一些算法提供了处理 class 不平衡的功能，例如 PAC、LinearSVC。目前，我还在做 SMOTE 来为除多数人之外的所有人生成样本，并使用 RandomUnderSampler 来抑制多数人 class 的不平衡。

同时使用算法参数和 imblearn 管道来处理 class 不平衡是否正确？

feat_pipeline = FeatureUnion([('text', text_pipeline)])

estimators_list = [
                   ('PAC',PassiveAggressiveClassifier(max_iter=5000,random_state=0,class_weight='balanced')),
                   ('linearSVC', LinearSVC(class_weight='balanced'))
                  ]
estimators_ensemble = StackingClassifier(estimators=estimators_list, 
                                         final_estimator=LogisticRegression(solver='lbfgs',max_iter=5000))
ovr_ensemble = OneVsRestClassifier(estimators_ensemble)

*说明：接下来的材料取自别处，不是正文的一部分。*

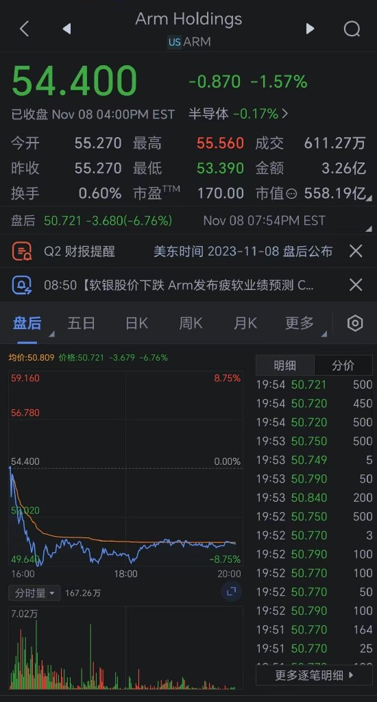 Arm股价在盘后交易一度重挫9%,恐悉数回吐9月上市以来的涨幅。截至周三收盘,该公司股价自上市以来累计上涨6.7%。
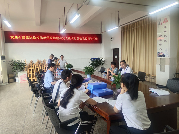 检查组同志通过听汇报、查阅档案资料、座谈、实地察看等形式,了解了我校依法治校具体工作开展情况,对照检查细则进行认真评估,全面剖析查验了我校的依法治校工作。
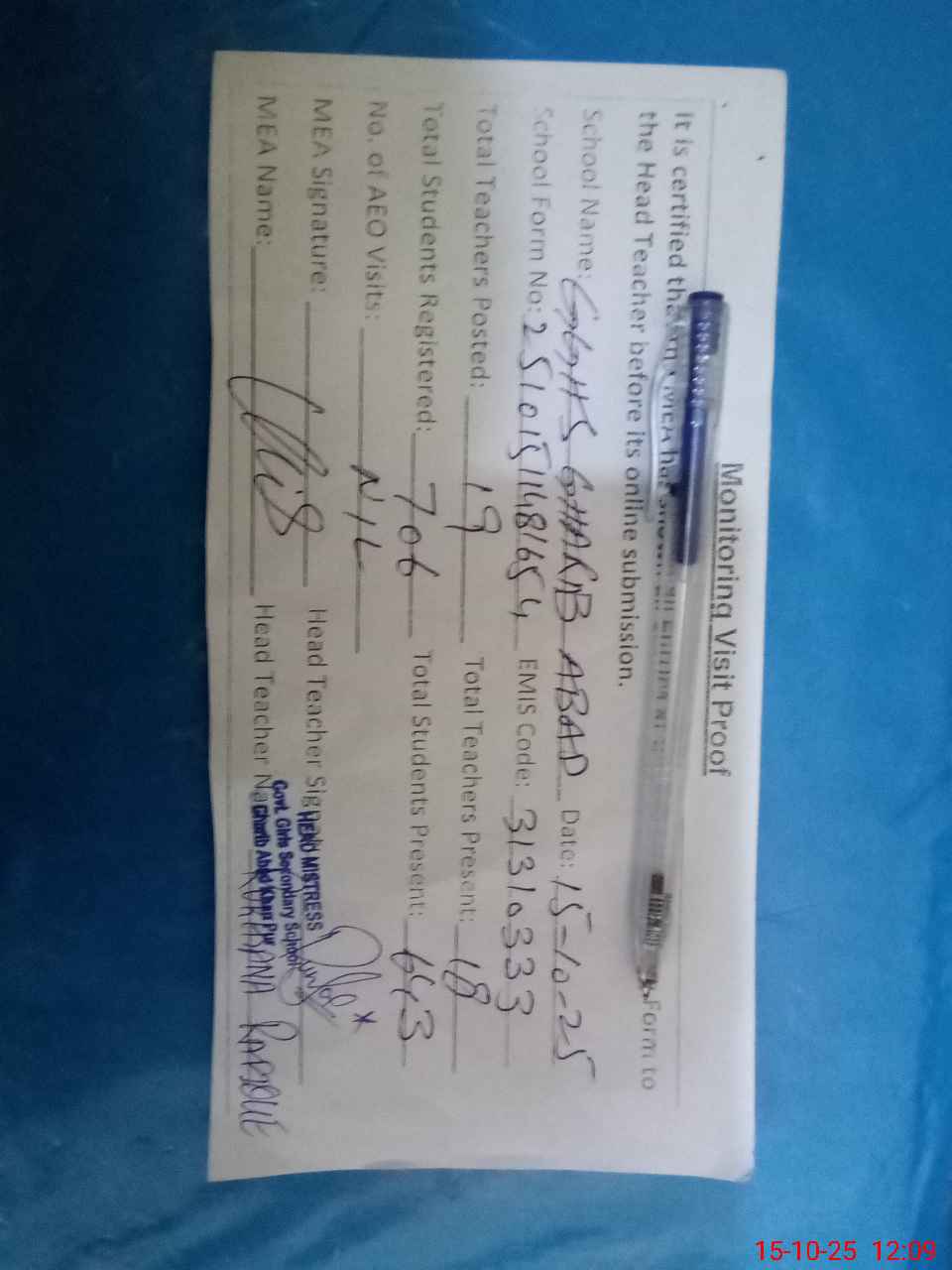 | Certified that this School was Inspected by the Undersigned MEA/DMO Today and the Information Stated Above is as Per Record. | |||||
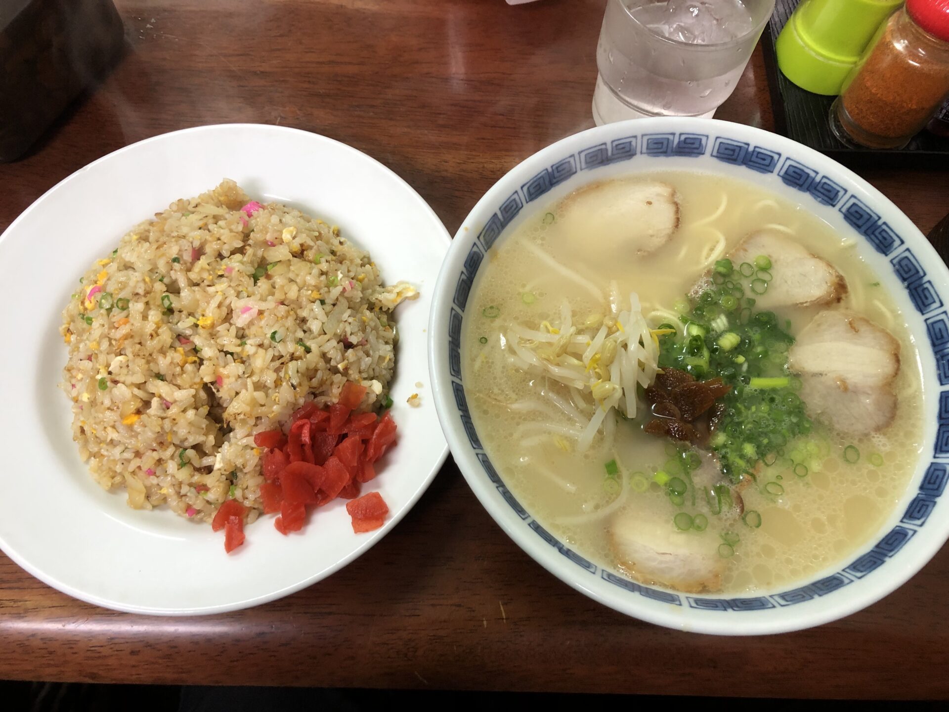 小倉で一番おいしい炒飯と評判の月天さんでラーメン炒飯セットを頂きました。
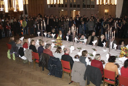 SWR Moderatoris Annette Krause durfte auch an der Tafel Platz nehmen.
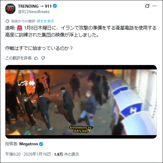 こうした「平和的なデモに暴徒を紛れ込ませる」手法は、2018年のフランス(黄色いベスト運動)、2019年の香港、2020年の米国のBLM、2023年のフランス暴動でも繰り返されてきた。当時の主役が極左集団「アンティファ」や「ブラック・ブロック」であったように、今回のイランでも同様の攪乱戦術が用いられた。
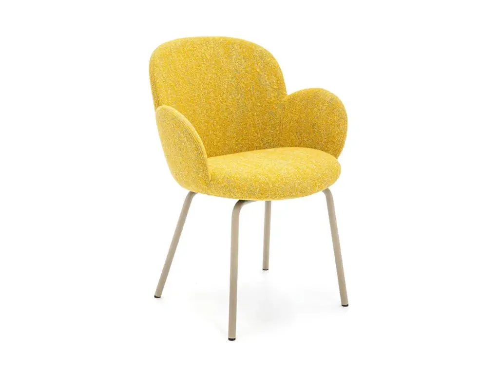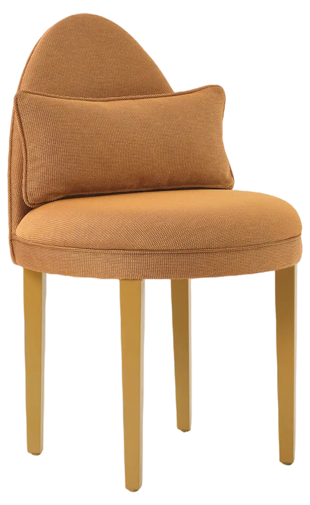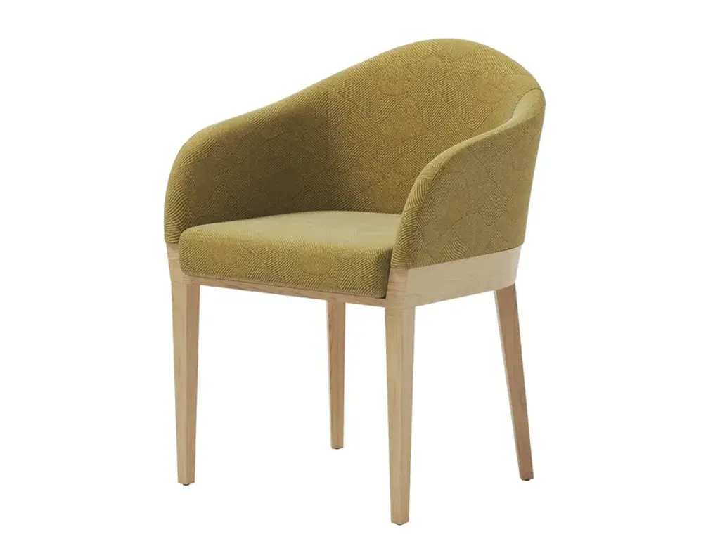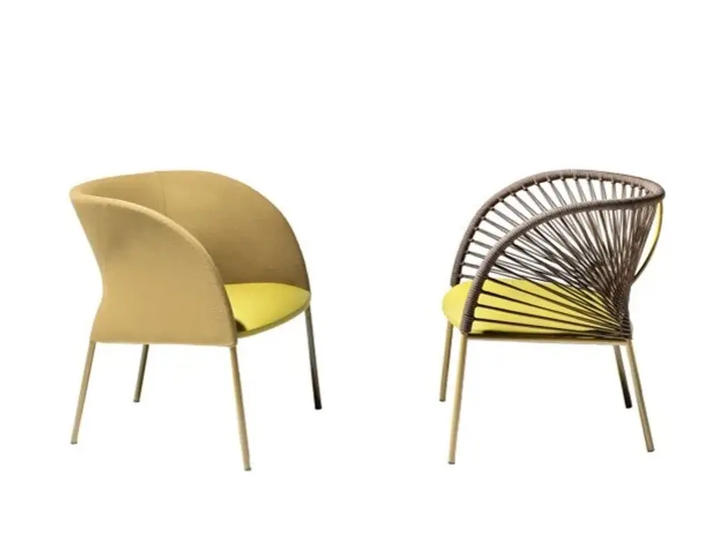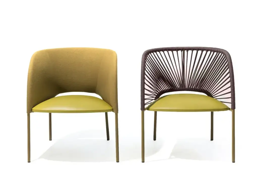 Yumi is a small armchair with a very simple principle and sophisticated language. Its sinuous outlines and wrapping shape create an inviting seating, a hollow backrest formed by a bent bow keeps it dean and light. Separated seat and backrest allows lo play with endless combinations of fabric, leathers and finishes. Yumi project is a neat representation of a harmonious bent bow. Its style ranges from a woven playful version to a more sophisticated upholstered version that makes the family suitable for residential and commercial spaces, indoor and outdoor. Yumi collection includes chairs, small armchairs, and low tables that will let interior designers and architects to cover complete areas of a project with the same product on multiple and unique versions.Back in injected flame-retardant polyurethane foam over internal steel frame. Seat in injected flame-retardant, polyurethane foam over wood frame.Seat and back can have different covers. Yumi collection covers are not removable.Yumi collection includes chairs, small armchairs, and low tables that will let interior designers and architects to cover complete areas of a project with the same product on multiple and unique versions.

classifier_pipeline = imblearnPipeline([
        ('features', feat_pipeline),
        ('over_sampling', SMOTE(sampling_strategy='auto')), # resample all classes but the majority class;
        ('under_sampling',RandomUnderSampler(sampling_strategy='auto')), # resample all classes but the minority class;
        ('ovr_ensemble', ovr_ensemble)
    ])

Answer 1

Is it right to use both the algorithm parameter & imblearn pipelines at the same time to handle class imbalance?

让我们花点时间思考一下这可能意味着什么，以及它是否真的有意义。

用于处理 class 不平衡的特定算法（或算法设置）自然会预期一些实际数据不平衡。

现在，如果您已经人为地平衡了您的数据（使用 SMOTE、多数 class 欠采样等），您的算法最终将面临的是平衡数据集，而不是不平衡的数据集。不用说，这些算法无法 "knowing" 他们看到的最终数据中的这种平衡是人为的；所以，从他们的角度来看，没有不平衡——因此不需要任何特殊的配方来启动。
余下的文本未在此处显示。